Brief.
Every line below should come back exactly as written, though the pictures stay out.

Information supplied.
★ ★ ★ ★

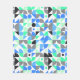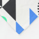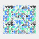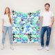 Diese moderne Fleecedecke weist ein farbenfrohes, geometrisches Muster mit Linien und Formen in Schwarz, Blau und Grün auf weißem Hintergrund auf.
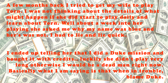 "A few months back I tried to get my wife to play Torn. I was not thinking about the details of what might happen if she did start to play daily and learn about Torn. Well about a week into her playing she asked me why my name was blue and her's was not. I had to lie and lie quick. I ended up telling her that I did a Duke mission and bought it with credits. Luckily she didn't play very long otherwise I would be a dead man right now. Basically what I am saying is that when in trouble, blame Duke."
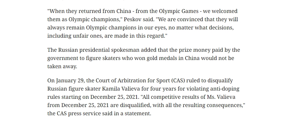 據(jù)塔斯社報道,佩斯科夫表示,無論國際體育組織作出什么決定,俄羅斯人會永遠將卡米拉·瓦利耶娃和其他花樣滑冰運動員視為冬奧冠軍。
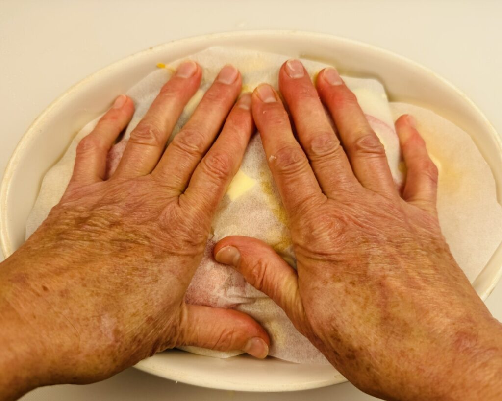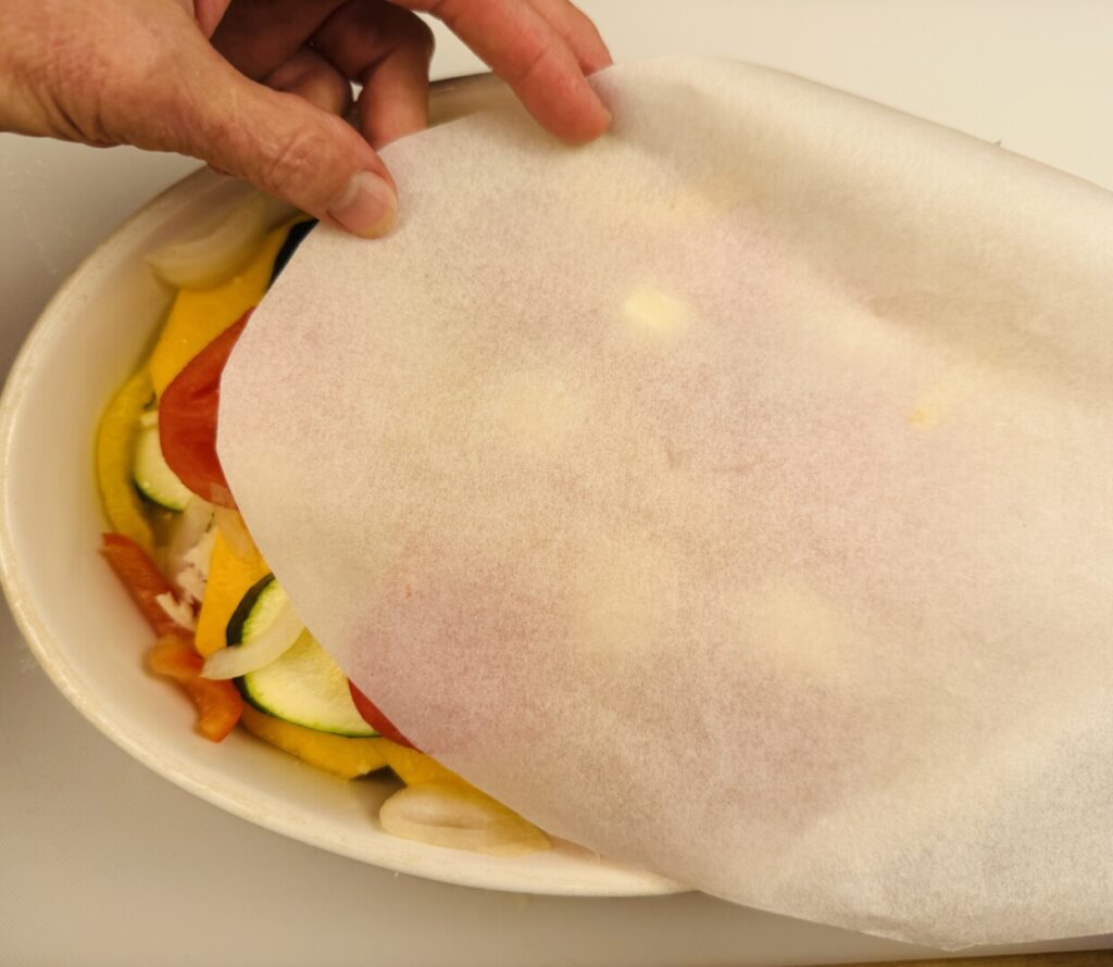 - Cut a sheet of parchment to exactly fit the top of the gratin, place it on top of the vegetables, and press firmly to compact them.

★ ★ ★ ★

Response below.
 Diese moderne Fleecedecke weist ein farbenfrohes, geometrisches Muster mit Linien und Formen in Schwarz, Blau und Grün auf weißem Hintergrund auf.
 "A few months back I tried to get my wife to play Torn. I was not thinking about the details of what might happen if she did start to play daily and learn about Torn. Well about a week into her playing she asked me why my name was blue and her's was not. I had to lie and lie quick. I ended up telling her that I did a Duke mission and bought it with credits. Luckily she didn't play very long otherwise I would be a dead man right now. Basically what I am saying is that when in trouble, blame Duke."
 據(jù)塔斯社報道,佩斯科夫表示,無論國際體育組織作出什么決定,俄羅斯人會永遠將卡米拉·瓦利耶娃和其他花樣滑冰運動員視為冬奧冠軍。
 - Cut a sheet of parchment to exactly fit the top of the gratin, place it on top of the vegetables, and press firmly to compact them.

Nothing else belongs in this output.